You wrote “but when did we even put it in?” and that’s interestingly how it works. The unique_apps is like a newborn baby who starts out not knowing anything, gets bored easily and is only interested in new things. In that sense, if name in unique apps is effectively filtering out any app that it has seen before:

unique_apps = []
duplicate_apps = []

# Say this is the first time Facebook appears
#
# Have we seen Facebook before?
if "Facebook" in unique_apps:
    duplicate_apps.append("Facebook")
else:
# no, we don't have Facebook in unique_apps -> store in unique_apps
    unique_apps.append("Facebook")

# Say another Facebook app appears 
#
# Have we seen Facebook before?
if "Facebook" in unique_apps:
# Yes, it's already in unique_apps -> store in duplicate_apps
    duplicate_apps.append("Facebook")
else:
    unique_apps.append("Facebook")

So the answer to “does the if statement put all the data in the unique_apps list?” is no, not all data will be included in the unique_apps. Any time an app is seen the second, third, forth time, the if name in unique_apps will say “Yeah, that app is already in unique_apps so please store it in duplicate_apps instead”.

The above pseudocode will probably not restrict unique_app to only have unique apps. If you have two “Facebook” apps for example, you’ll have ["Facebook", "Facebook"] in unique_apps and ["Facebook"] in duplicate_apps.
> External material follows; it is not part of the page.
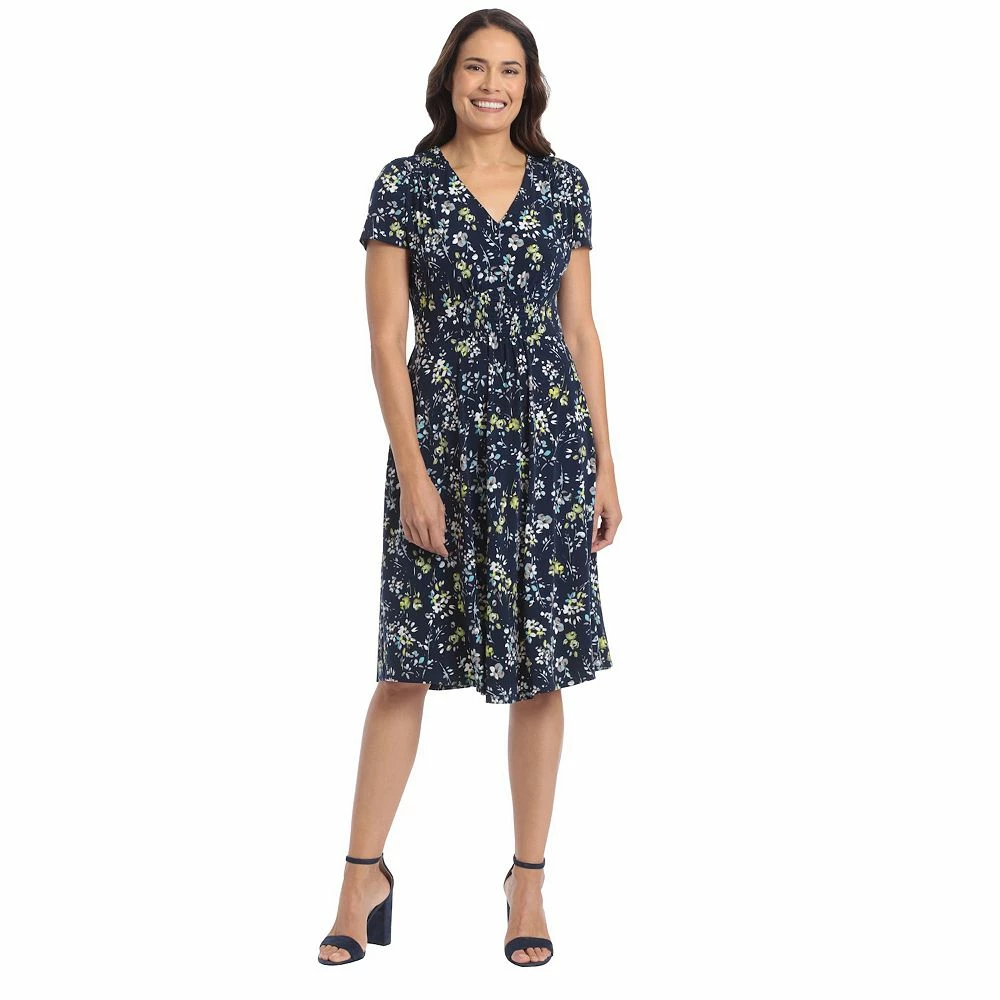 No matter the occasion, you’ll rest easy knowing that when you arrive in this women’s smock waist fit & flare dress from London Times, you’ll be the best dressed there.

The unique_apps is in a way discriminatory and works on an “only first-timers are allowed” basis. duplicate_apps instead is a refuge for those rejected by unique_apps i.e. second, third, forth-timers etc.

2 Likes

Hi Wan.

That explanation is amazing. And yeah that clicked. It’s actually pretty simple really. I’m going to spend some time playing around with this when I get home.

I’m heading towards the pandas section, so just want to make sure I a have a solid understanding of how things work, so this is valuable!

Thanks Wan.

2 Likes

No worries @Frankie.

Have fun in the pandas section. Cheers.

1 Like

Hey Wan - Ok I got home and read over what you wrote again and had a play around and its sunk in :slight_smile:

its quite cool, I see you could do it with a second data set, i guess that code could be turned into a function as well and be used across all projects. Quite exciting!

dataset = ["Facebook", "Instagram", "TikTok", "Reddit", "Discord", "Discord", "Instagram"]
print(type(dataset))

unique_apps = []
duplicate_apps = []

name = theapp[0]
for theapp in dataset:
    if theapp in unique_apps:
        duplicate_apps.append(theapp)
    else:

        unique_apps.append(theapp)

print (unique_apps)

# Output: ['Facebook', 'Instagram', 'TikTok', 'Reddit', 'Discord']

print (duplicate_apps)

# Output: ['Discord', 'Instagram']

dataset2 = ["duck", "bird", "cat", "dog", "horse", "bird", "duck"]

name = theapp[0]
for theapp in dataset2:
    if theapp in unique_apps:
        duplicate_apps.append(theapp)
    else:

        unique_apps.append(theapp)

print (unique_apps)

# Output: ['Facebook', 'Instagram', 'TikTok', 'Reddit', 'Discord', 'duck', 'bird', 'cat', 'dog', 'horse']

print (duplicate_apps)

# Output: ['Discord', 'Instagram', 'bird', 'duck']




Thanks again Wan!

2 Likes

Yeah, that’s actually a common thing programmers do. Other than creating functions, you can also take some section of code or logic that are frequently used in many projects, put them into a separate script file, and then just bring that script to any future projects.

Similar to the first guided project, you can create your own helper.py (or under any other name) script that you can import in your other projects i.e. import * from script_name.

1 Like